Being busy sounds stressful and is the tell-tale sign of burnout. But it isn’t that per se. Always doing something doesn’t mean a full cognitive or physical load that completely consumes you. Instead, it can be small tasks that culminate into something you are proud of. It is so common now to be doing nothing. And I don’t mean a humble way of saying you went to the shops and bought new shoes, or washed the dishes, lowering these actions to insignificant common items in the day.
I mean;
Staring at a screen. Scrolling to kingdom come. The world could end now, and you’ll say: “Hold on, he’s about to do something funny.”
It really gets at me, and I do this myself, scrolling through Instagram, TikTok, YouTube or whatever platform, and I achieve not a single thing. All I get is temporary, instant gratification and a couple of laughs.
What are the costs of wasting time on such a mind-numbing ritual?
Yes, you may say, I am so drained I need a break. But does that break have to be 2 hours long after each 30-minute work interval when you have an assessment?
After you pull yourself away from the World Wide Web, you look at the time and realise all that time is gone. Poof. MIA. You cannot get that time back, no matter how hard you try. This then results in more stress, more escapism, and procrastination, mental fog, and more stress. Such a vicious cycle of doing nothing and stressing over it is not healthy. The World Wide Web ended up spinning you up into a silk mummy, entangling you in its holes and strings of attractive, sticky gratification. Then the spider of reality comes looming, its shadow of gloom signals your doom. You have spent too much time on the web that you are now trapped in it. Trapped in a vicious cycle of stress and escapism right before the deadline of an assessment.
Is this cycle worth it in the long run?
According to the Atlantic, more than 70 per cent of university students procrastinate on their schoolwork, and more than 20 per cent of adults in a 2005 survey were found to be “chronic procrastinators.” That is astronomical.
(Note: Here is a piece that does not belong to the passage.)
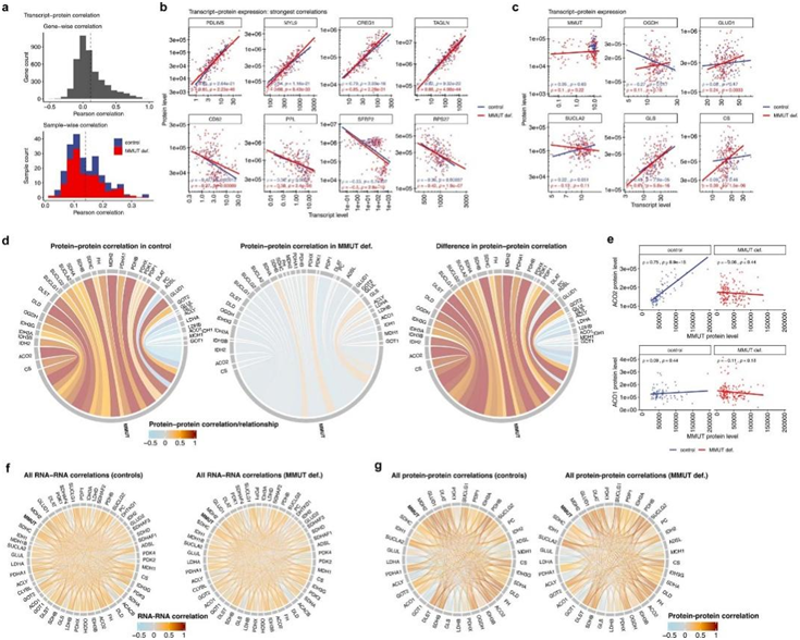 图4. 转录本-蛋白质和蛋白质-蛋白质相关性分析揭示了 MMUT 和 TCA 基因和蛋白质之间的协调关系,但不是它们的亚型。

With procrastination becoming a prevalent norm within daily life, it seems impossible to defeat such a monster of avoidance. There is quite a lot of science explaining why humans avoid difficult tasks, seek gratification, and offer ways to move away from mindless scrolling.
Arthur C. Brooks explains that procrastination can be good in some ways, but it must be productive. When “deployed strategically with certain creative tasks, a little procrastination can actually be beneficial.” Instead of diverting immediately to social media to procrastinate a big assessment, you might want to wash the dishes or annotate a poem for English. By productively procrastinating, you are still getting things done, but you avoid the stress of writer’s block for your essay.
In constantly doing something, we reach a flow state of productivity. Completing an artwork, writing an essay, creating a video, or doing something fun with focus and full enjoyment. We end up doing more in the long run and enjoy doing it. Starting off with a small task and finishing it gives you a little buzz. On the other hand, starting off with an hour of reels leaves you unmotivated and entangles you in the world wide web of soulless gratification.
A perfect example of the benefits of constantly working is the honeybees.
Bees are always busy. Busy pollenating, making honey, drinking nectar, napping, working for the hive, feeding the queen and protecting the hive. They benefit humanity from a holistic view. They make your garden look nice, but also allow it to grow into your own slice of Eden. They make the honey that goes into your morning coffee or on your breakfast crumpets. They make wax and honeycomb, and countless other things. All of these things are achieved in such a short life span of honeybees; female workers live up to 60 days while male workers live up to 32 days, but the hive works collectively to achieve great deeds. Humans have years! Decades and near centuries to live.
What could we do with all that time?
What could you do in just a month or two?
Imagine if humans adapted the honeybee mindset, how society would bloom like pollenated flowers. No zombies walking around glued to 3-second videos in an endless stream. No wasted time spent on senseless, motionless procrastination, but collaboratively working towards something of substance. This substance doesn’t mean finding the cure to cancer, which would be nice, but a small action, like baking cookies or doing a little bit of gardening. Sitting outside and enjoying the busy little bees flying around your labour of love, pollinating the daisies and lavender you planted a week ago. And instead of lying numb on your bed gazing enthralled at that seductive black screen, you decided to do.
Do item 3 on your long list of to-dos, do 5 questions of your math homework, and do a spot of gardening.
Do a 2 km walk. Do a paragraph of your essay before having a well- needed nap. Do that video for your social media page, then read a chapter of a book.
Just Do. And reap the fruits of your labour.